Increasing the number of polls to facilitate voters doesn’t always help either. It is certainly not easy to open new polling locations due to Coronavirus, and the ones that do open may not be able to follow strict health and safety guidelines because of the high voter turnout. This is a problem that requires a more creative solution.

At the same time, absentee ballots and mail-in votes are still being debated as a possible solution. Some states prefer to encourage absentee ballots, but others are worried about potential election frauds that could cause additional problems. After all, mail-in ballots are easier to fake and can be potentially misused.

In Washington D.C. and Pennsylvania, absentee ballots went missing entirely. Georgia and Nevada were also dealing with confusion. There were not enough announcements and information about how, when, and where to vote. Experts are already questioning whether local and state governments can fix these issues before November.

A System on Edge

If these past problems tell you something, it’s the fact that our election system does not operate well under pressure. With the Coronavirus and the way we have tried to accelerate the opening of our economy recently, asking people to vote directly may not be the best way to go after all. At the very least, the voting system isn’t ready for such a spike.
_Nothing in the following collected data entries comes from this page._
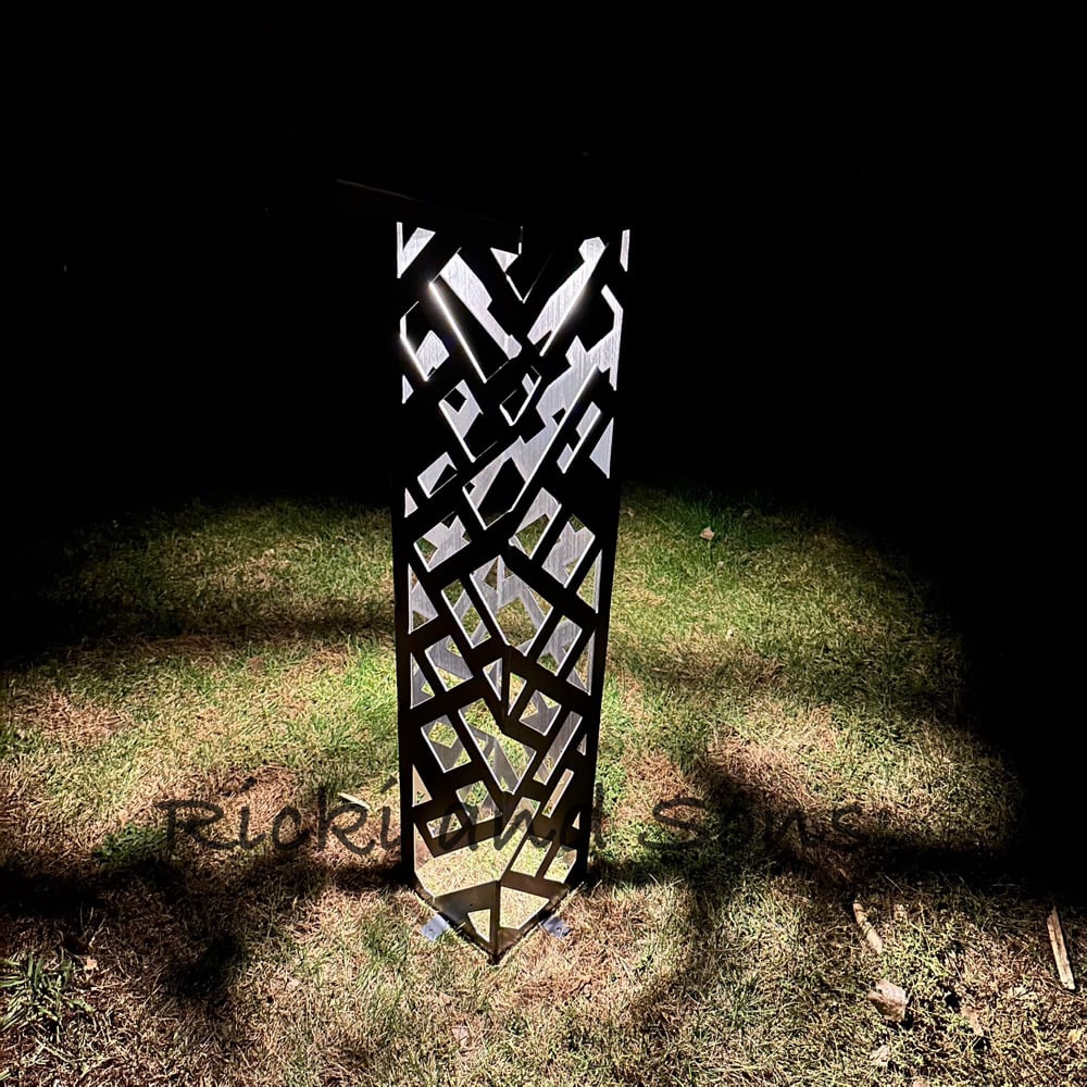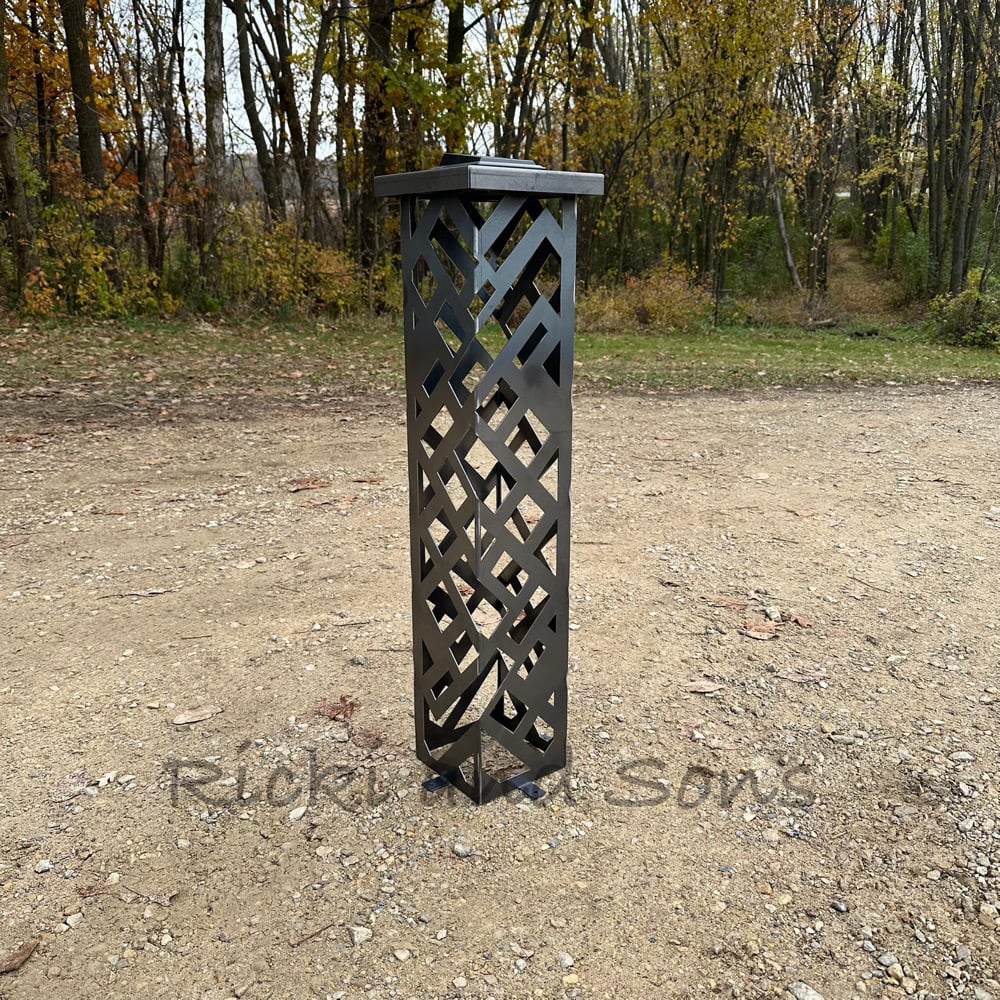 These plasma cut Garden Pillars with a Intersecting/Crossed Lines Pattern are made from 14 gauge steel. Ready to stake in the ground in your garden or yard. Secure in the ground using large nails or ground stakes (not included). This item is raw steel with no finish, so it WILL rust over time.
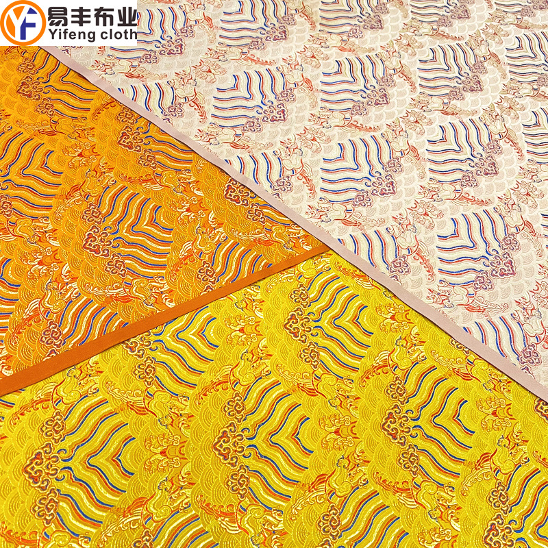 75織錦織波花高密度ナイロン生地中国風童装唐装チャイナドレス生地口金包絹織物
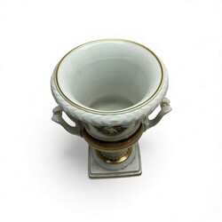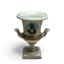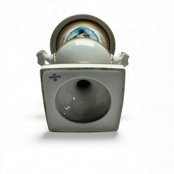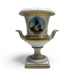 | Omschrijving | Een 20e eeuwse porseleinen vaas. Urnvormig, op vierkante voet. Met vergulde ornamenten, twee gebogen handgrepen en een geprofileerde rand. Met aan de voor- en achterzijde een afbeelding van Sint-Petersburg: de Sint-Isaackathedraal en het Bronzen Ruiter monument. Aan de onderzijde gemerkt Kaiser, Duitsland. |
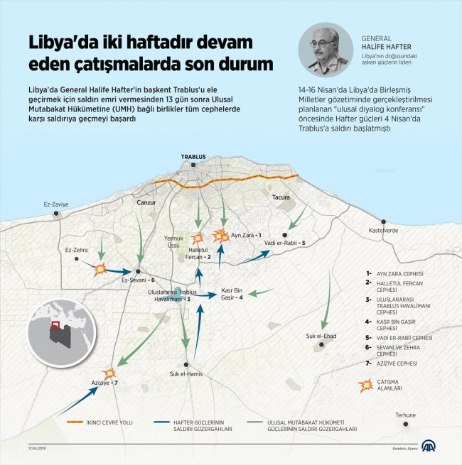 Öte yandan Hafter'in ilk darbesini aldığı Zaviye kenti sınırındaki sahil cephesi ya da Trablus'un doğusundaki Kastelverde (Karabolulu) üzerinden Misrata'dan gelen destekleri kesmek üzere bir cephe açılması da ihtimal dahilinde değerlendiriliyor.

The same is true with absentee ballots. The delivery system needs an immediate fix so that ballots can be received and accounted for in a legitimate and credible way. Regulations regarding absentee ballots and information about how voters can take advantage of remote voting to stay safe must also be made clearer before the November election.

Polling site consolidation needs to stop. It is not possible to provide voters with a safe environment for voting when three to four polling sites are have been condensed into one. It is also impossible to choose a location that every voter can reach more easily when sites are consolidated; long lines are certainly inevitable this way. More sites need to stay open, but additional safety measures are also required.

There is also the need for better election security in general. The Trump administration is reluctant to provide help regarding the security of voting machines, but the House of Representatives passed a bill that provides states with the financial and technical support that they need to secure their own election. What’s missing is an action plan for implementing the pre-allocated funds.

Last but not least, there is a need for transparency. It is not only up to the government to distribute information about voting and the general election. The media, communities, and other stakeholders must also play an active role in spreading vital information. Better communications will result in a smoother election in general.

All Hands On Deck

That last part about how this is not only the responsibility of the government is actually very important. While local governments and lawmakers are responsible for hosting a fair, safe, and successful election across the nation, it is also up to other stakeholders like voters and communities to support the process.

Speaker Bonnen stated that everyone must fight for the future of our democracy. For the general election to be successful and remain a credible process for electing leaders, the elections across the nation must be organized in a better way. That’s how you guarantee a smooth transfer of power and a better future for us all.